Mon, August 10, 4:00 to 5:30pm, TBA

Abstract

Worldwide, most countries have been making progress toward gender parity in all levels of education, including higher education. The underrepresentation of women in the highest executive offices at universities worldwide is not a pipeline issue. Why then, as women far exceed men in higher education enrollments and strive to gain higher status as faculty and leaders, are their numbers not keeping pace with those of their male counterparts?

In this study, we will describe where and when universities worldwide have had women presidents. We will conduct descriptive analyses of approximately 202 countries from 1970 to 2024, using a novel longitudinal dataset with the dependent variable coded as a binary indicator of whether a university in that country had a first woman president in a given year. Second, we aim to explain whether and when a country has had a woman university president by conducting an event history analysis with regional and national-level explanations.

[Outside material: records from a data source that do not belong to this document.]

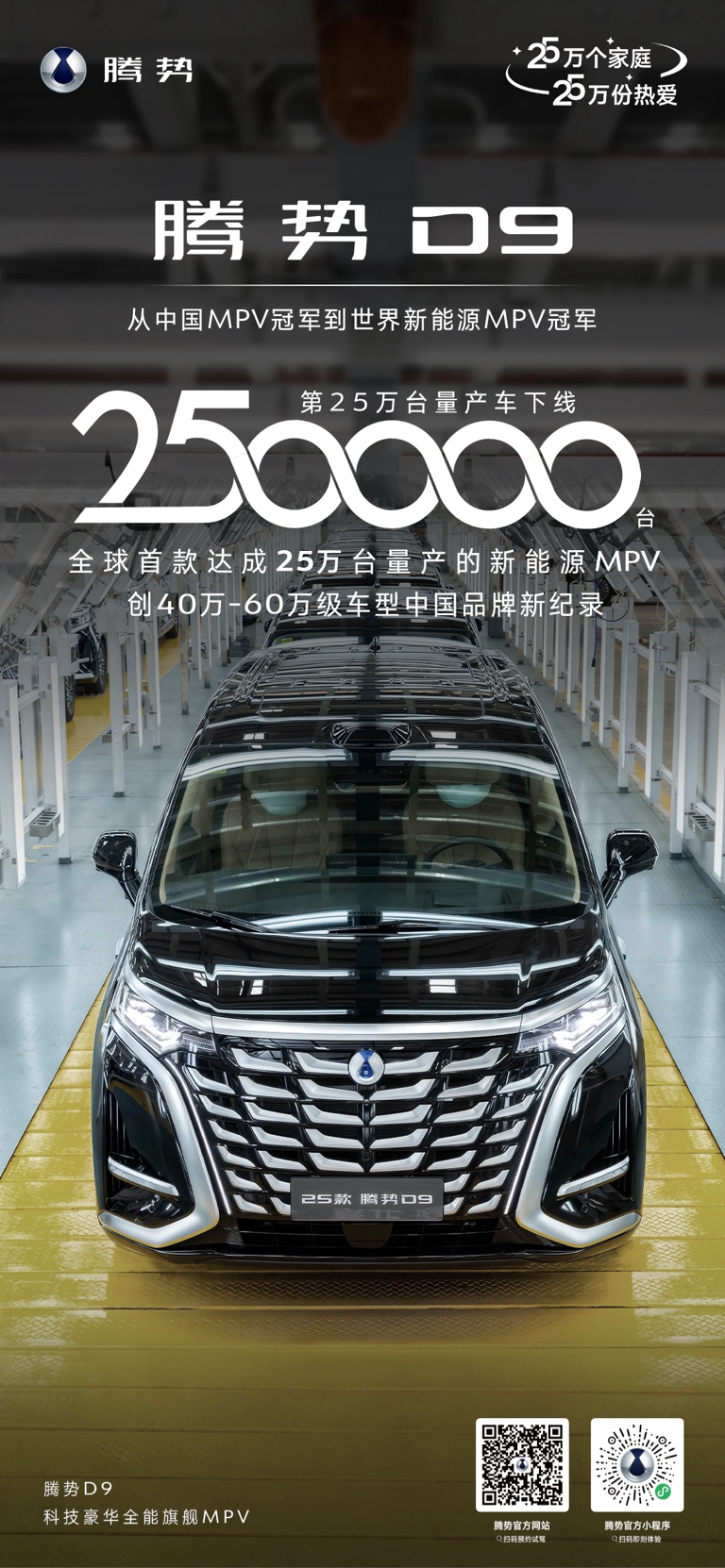 $比亚迪(SZ002594)$ 近日,比亚迪长沙工厂迎来里程碑时刻——腾势D9第25万台量产车正式下线。从中国MPV冠军到世界新能源MPV冠军,腾势D9用不到三年时间完成了一次了不起的跨越,成为全球首款达成25万台量产的新能源MPV,凭匠心工艺重塑豪华标准,也成功开创了豪华MPV新时代。
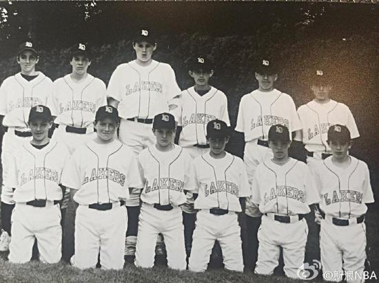左下第一个是克莱-汤普森,第二排最高大的是凯文-勒夫。他们曾经是同一个棒球队的队友,这家俱乐部的名字叫做“Lakers(湖人)”。回忆往昔,两人依旧对对方赞不绝口。
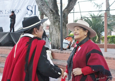 Plaza 9 de Julio, Córdoba y Necochea, Martínez. La peña del 29 de junio suspendida por lluvia, se realizó el sábado 6 de julio. La fría y soleada tarde se fue poblando de ponchos colorados para homenajear al Gral. Don Martín Miguel de Guemes, la emoción, los aplausos, el baile, la música y el canto entibiaron los cuerpos y corazones de todos los presentes. GERMAN SALAZAR (voz y guitarra) , ROBERTO PELOC (voz, guitarra y director del grupo Cebil), KOKI FLORES (violinista) y ANGEL CERPA (bombisto) fueron los artistas que nos entregaron durante tres horas las más hermosas zambas salteñas, y las briosas chacareras, también el pin pín, cuecas y otros ritmos norteños para deleite de los bailarines. Las agrupaciones que participaron y trajeron las carpas salteñas a Martínez, fueron: AGRUPACION DE RESIDENTES NORTEÑOS GAUCHOS DE PURA CEPA, EL PATIO DE TERESA y LOS AMIGOS PEÑEROS. En la clase de danzas folklóricas argentinas a cargo de la profesora Marta Iborra repasamos el guardamonte norteño y aprendimos el guardamonte cuyano. Gracias a la Sra.María Claro, a los artistas, al público, a los colegas de prensa, a los profesores e instituciones y a José Vázquez por las hermosas fotografías. Los esperamos el 27 de julio a las 15 hs para vivir otra tarde con todo el folklore argentino.
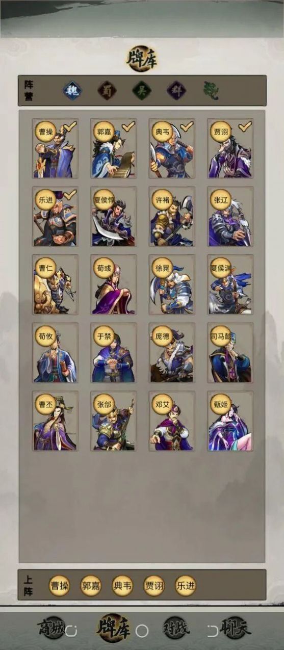 首次将战棋玩法引入战争策略类游戏中,阵容技能均可自由搭配,给玩家带来充足的阵容搭配乐趣和策略纵深。设计巧妙的演义关卡让玩家在体验战棋别样乐趣的同时又能深切领略到三国历史文化。
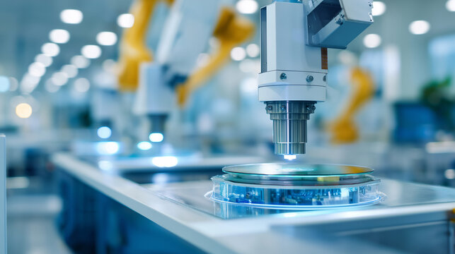 Inside an ultra-clean semiconductor fabrication facility, automated wafer handling systems with robotic arms move silicon wafers between glass substrate processing equipment.
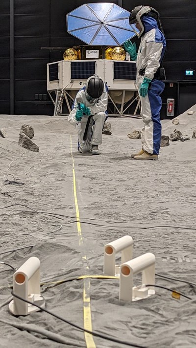 Zunächst sind das ISAE-SUPAERO-Institut, eine französische Forschungsorganisation, und das Geoforschungszentrum (GFZ) Potsdam unserem Regolith-Testbett mit Geophonen und Seismometer zu Leibe gerückt. Im Zusammenspiel mit unserem LUNA-Seismometer und der verlegten Glasfasertechnik haben sie simuliert, wie die „irdischen“ Messinstrumente auf einer „lunaren“ Oberfläche funktionieren und wie sich die Messungen optimieren lassen.
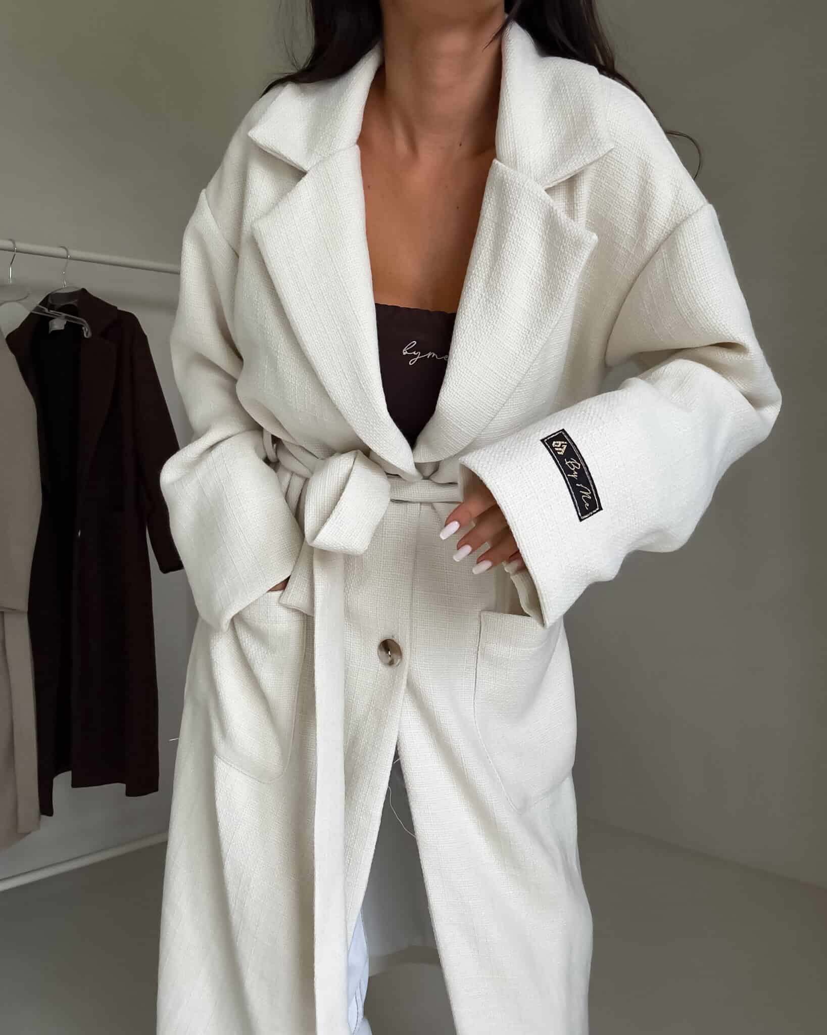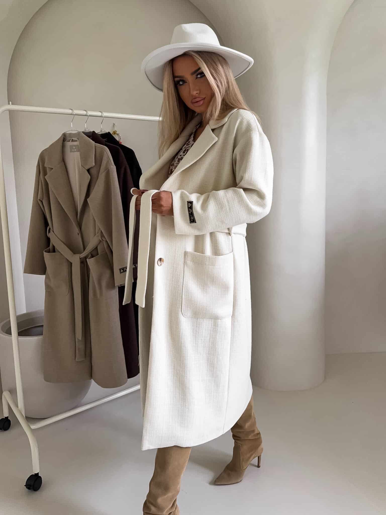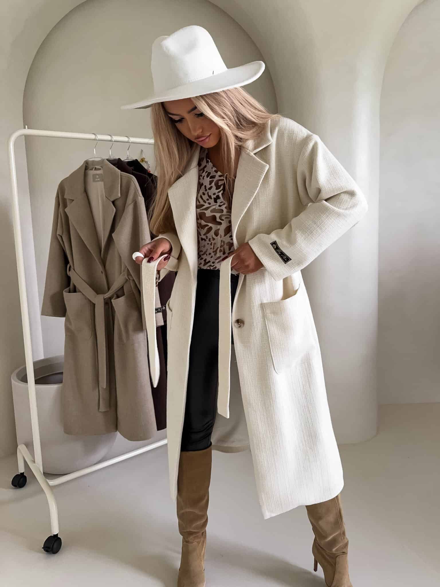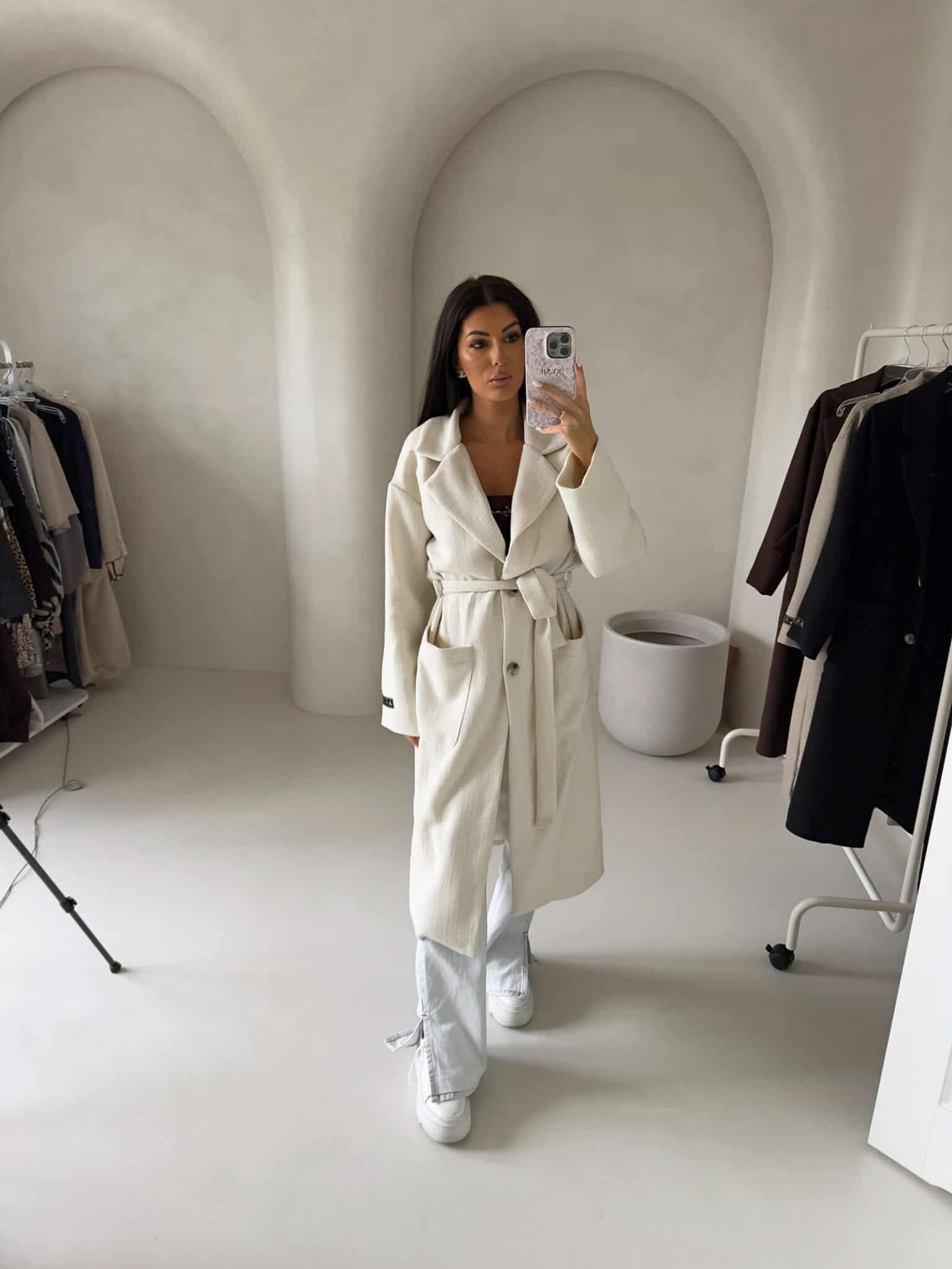 Eleganter Damenmantel mit Knielänge. Der lockere, übergroße Schnitt bietet Bewegungsfreiheit.
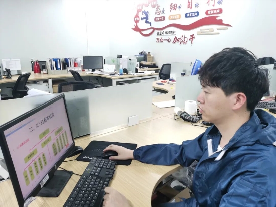 ? ? 在AGV小车研发设计阶段,他负责电气线路结构设计,使其控制电路结构精简、布线紧凑、占用空间小,便于电气检修,并集成5G模块,使AGV导航以及数据传输更具时效性,为生产物料管理精准化、精细化提供极大帮助。
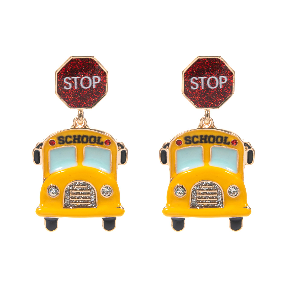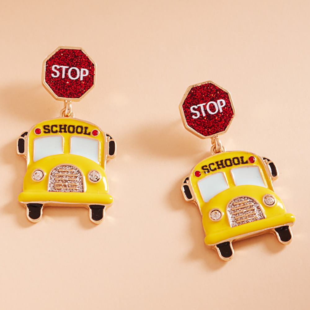 Stone Seed Bead Embellished School Bus Dangle Earrings
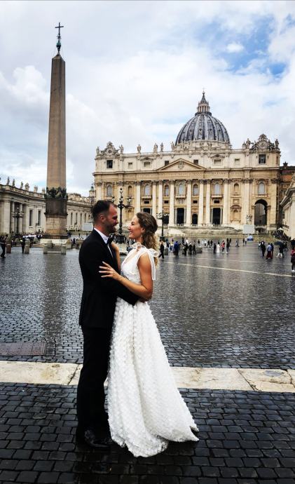 Nošena u listopadu 2021. godine na dan vjenčanja te u Rimu kod pape na blagoslovu.
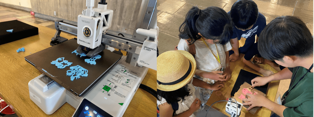 8月に実施したワークショップで、子どもから大人まで多様な参加者が描いた空想の動物たち。それらが3Dプリンターで大きく立体化され、建物や庭のあちこちにひそみます。ワークショップに参加された方の作品だけでなく、アーティストの原田 明夫氏(倉敷芸術科学大学准教授)の作品も展示予定。
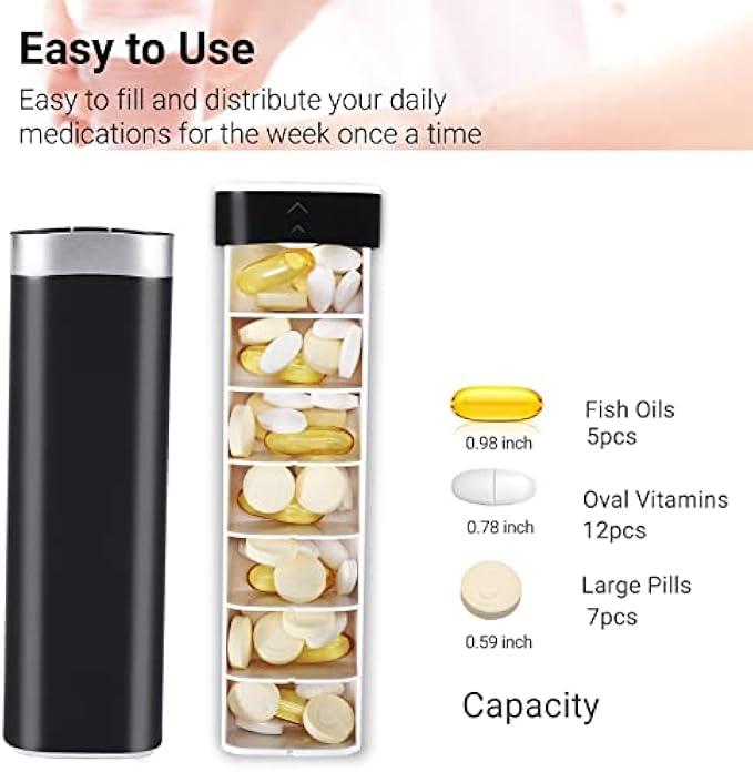 【7 Day Pill Organizer】Our 7 day pill box organizer can store up to 5 large supplements or 10-12 oval vitamins in each internal compartment.
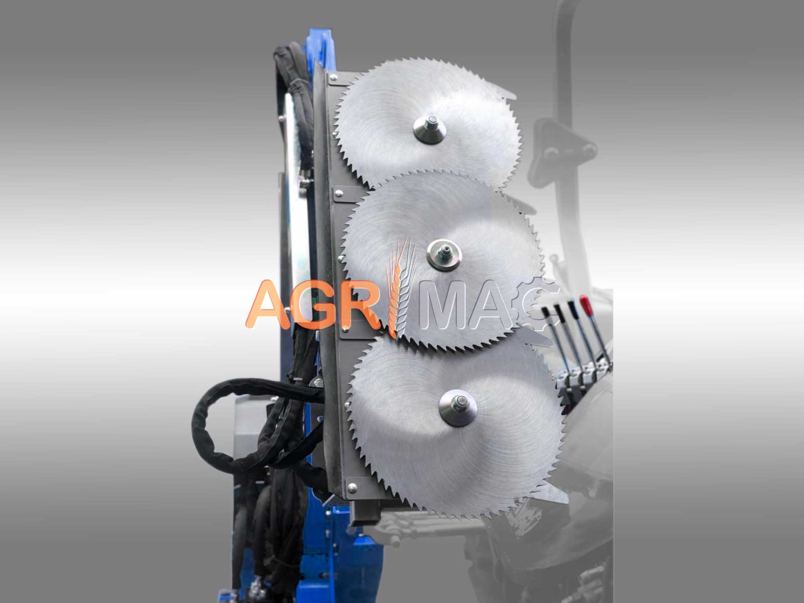 Διαθέτει 3 πριονόλαμες (72 δόντια η καθεμία) και διάμετρο 400 mm. Το πριόνι έχει αποτελεσματικό πλάτος εργασίας περίπου 900mm. Οι 3 λεπίδες πριονιού με μύτη, καρβιδίου κινούνται υδραυλικά. Απαιτείται παροχή υδραυλικού λαδιού τουλάχιστον 40 l/min.

We argue that the global and regional diffusion of norms and expectations around women’s rights may explain the growth of women leaders. A world society perspective has been useful for explaining progress in women’s status in other domains. Conversely, a movement against the liberal world order has arisen among countries advancing illiberal alternatives, resulting in a global antifeminist backlash. Using the same tactics employed by liberal networks, countries with illiberal orientations have established INGOs and IGOs and organized global convenings—some with the support of the United Nations. Several of these INGOs advance “pro-natal rights” and traditional women’s roles. More than two dozen such organizations currently exist, with rapidly increasing membership worldwide. The effects of such illiberal orientations are also affecting higher education, as evidenced by declining enrollments and funding. We expect the illiberal revolt against gender rights and higher education to negatively relate to women’s academic advancements.